**** DATA ****
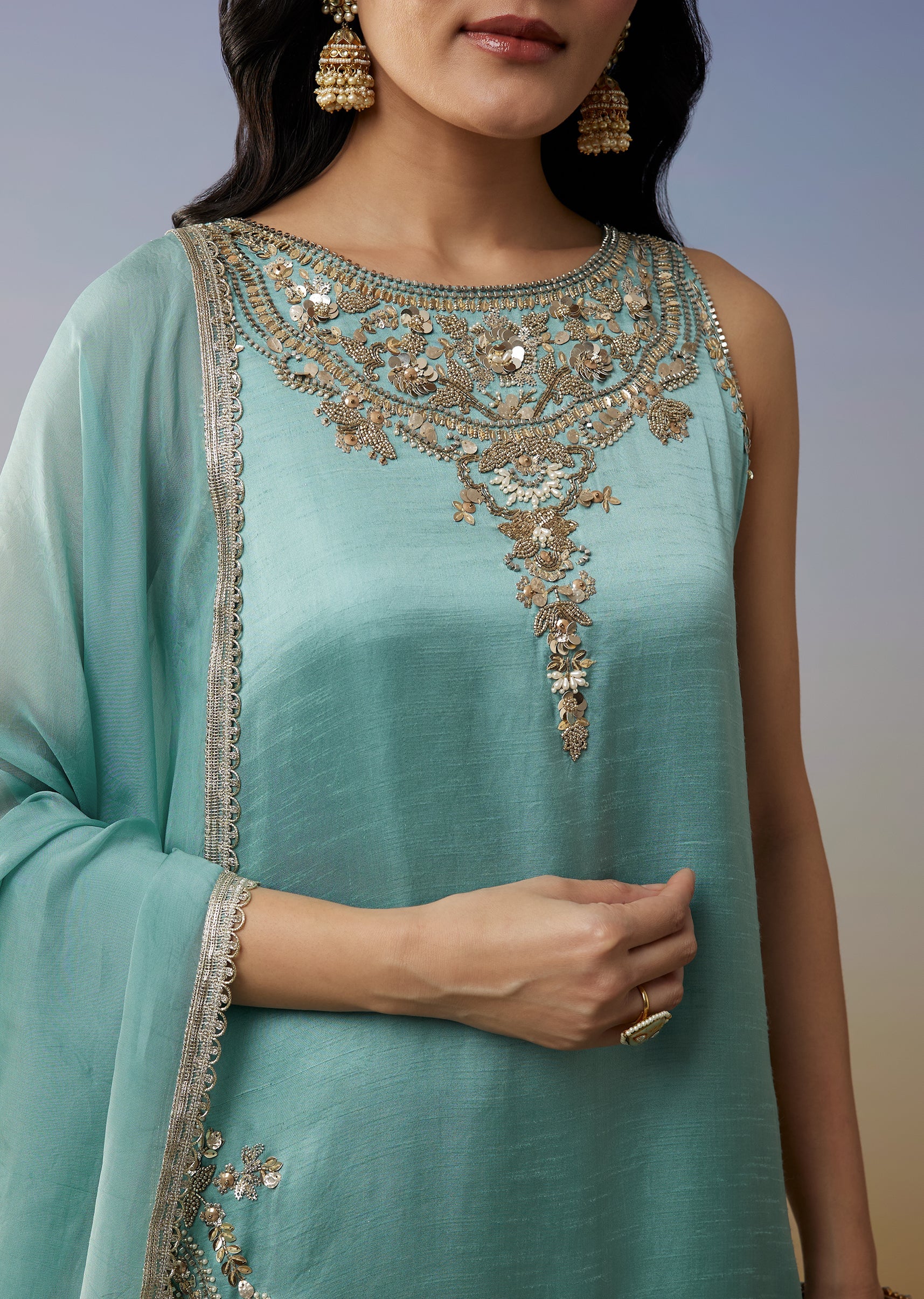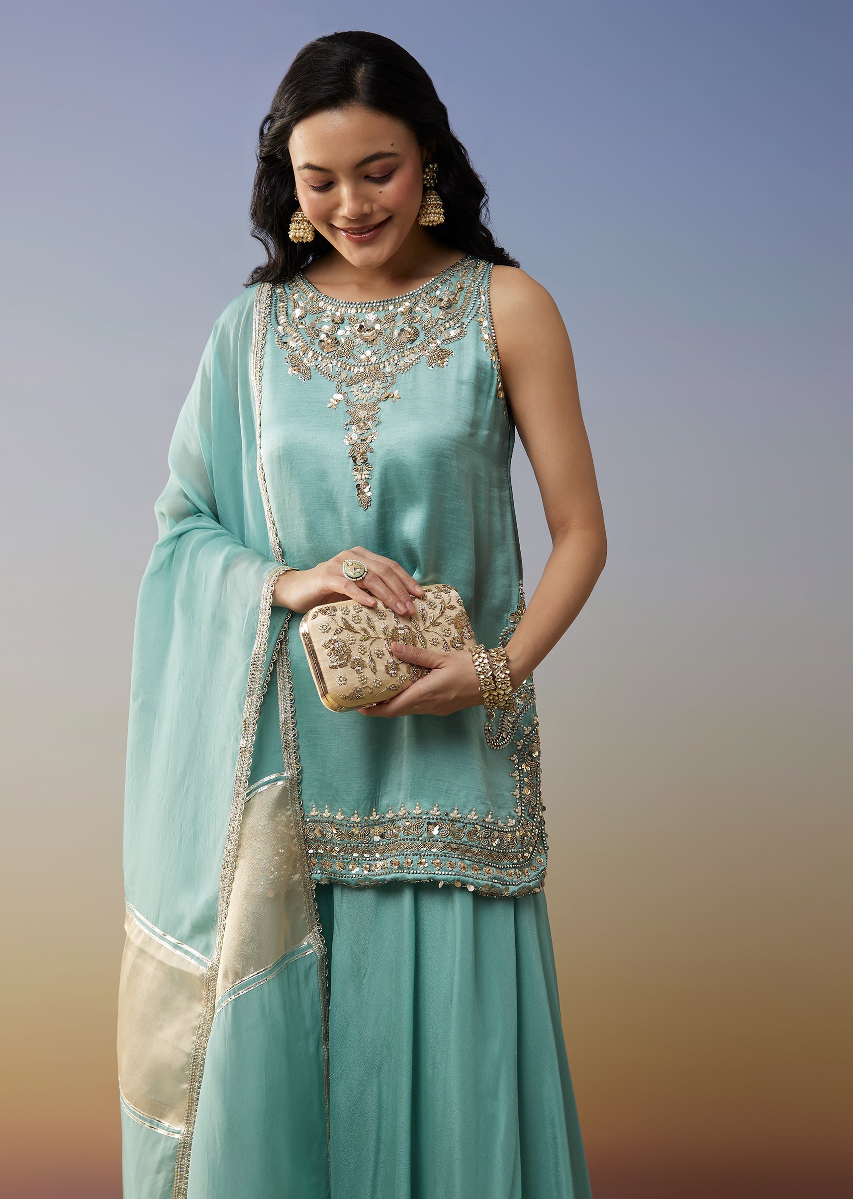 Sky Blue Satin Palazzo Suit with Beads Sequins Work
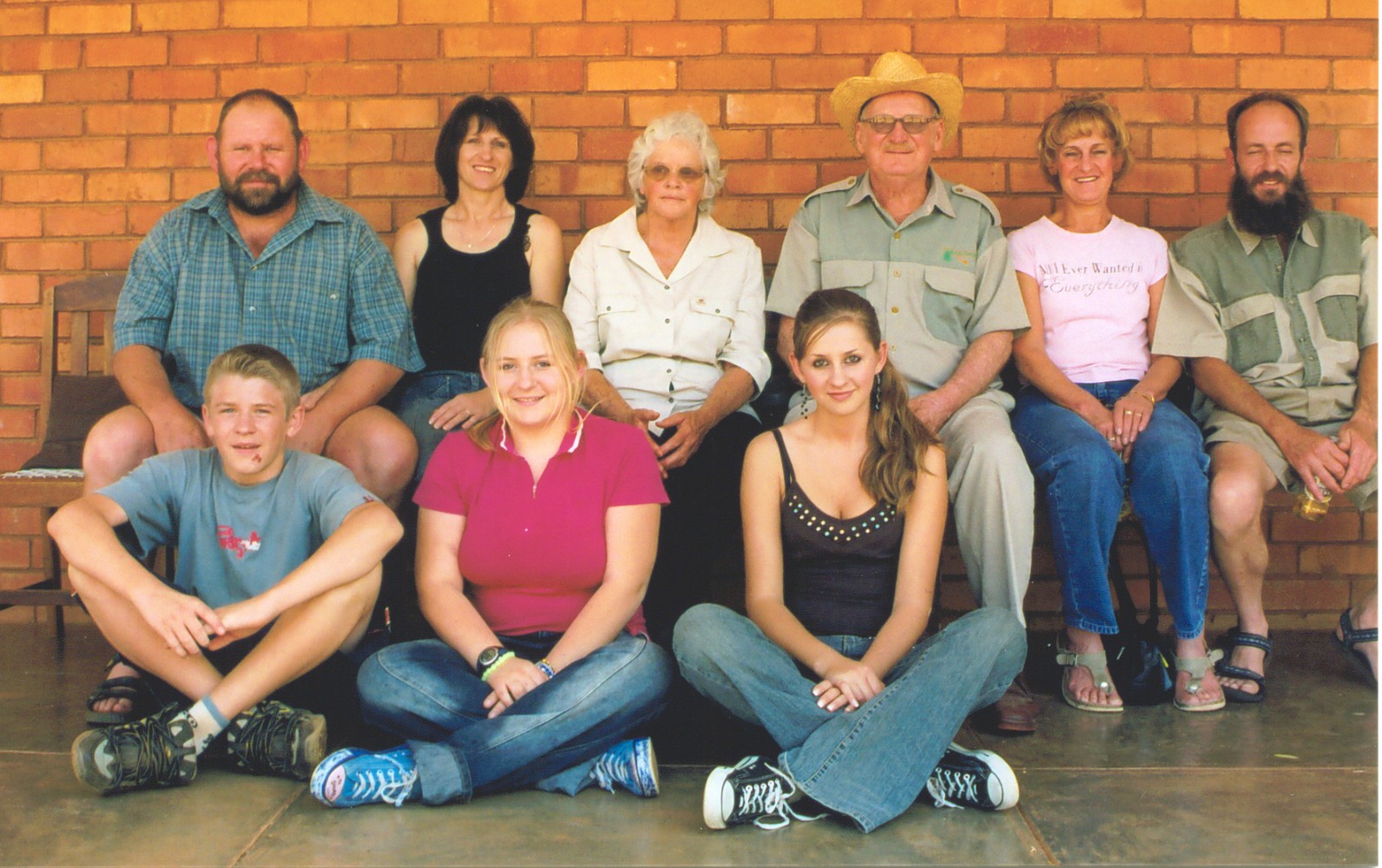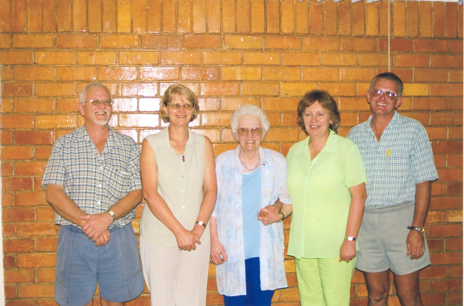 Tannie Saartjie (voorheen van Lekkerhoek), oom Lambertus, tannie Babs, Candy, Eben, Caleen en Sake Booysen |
****
**** DATA ****
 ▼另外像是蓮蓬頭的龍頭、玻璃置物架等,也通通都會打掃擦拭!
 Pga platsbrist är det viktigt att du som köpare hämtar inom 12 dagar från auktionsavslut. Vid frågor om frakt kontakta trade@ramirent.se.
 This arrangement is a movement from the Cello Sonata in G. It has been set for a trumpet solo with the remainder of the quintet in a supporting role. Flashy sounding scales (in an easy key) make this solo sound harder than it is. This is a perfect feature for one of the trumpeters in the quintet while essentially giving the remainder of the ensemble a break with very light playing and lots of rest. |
****
- TASK TO CARRY OUT
Produce an exact reproduction of the listing above, limited to the lines starting at the line with "Sky Blue Satin" and ending at the line with "Tannie Saartjie (voorheen", both kept, with every picture left out.

- WRITTEN SOLUTION
 Sky Blue Satin Palazzo Suit with Beads Sequins Work
 Tannie Saartjie (voorheen van Lekkerhoek), oom Lambertus, tannie Babs, Candy, Eben, Caleen en Sake Booysen |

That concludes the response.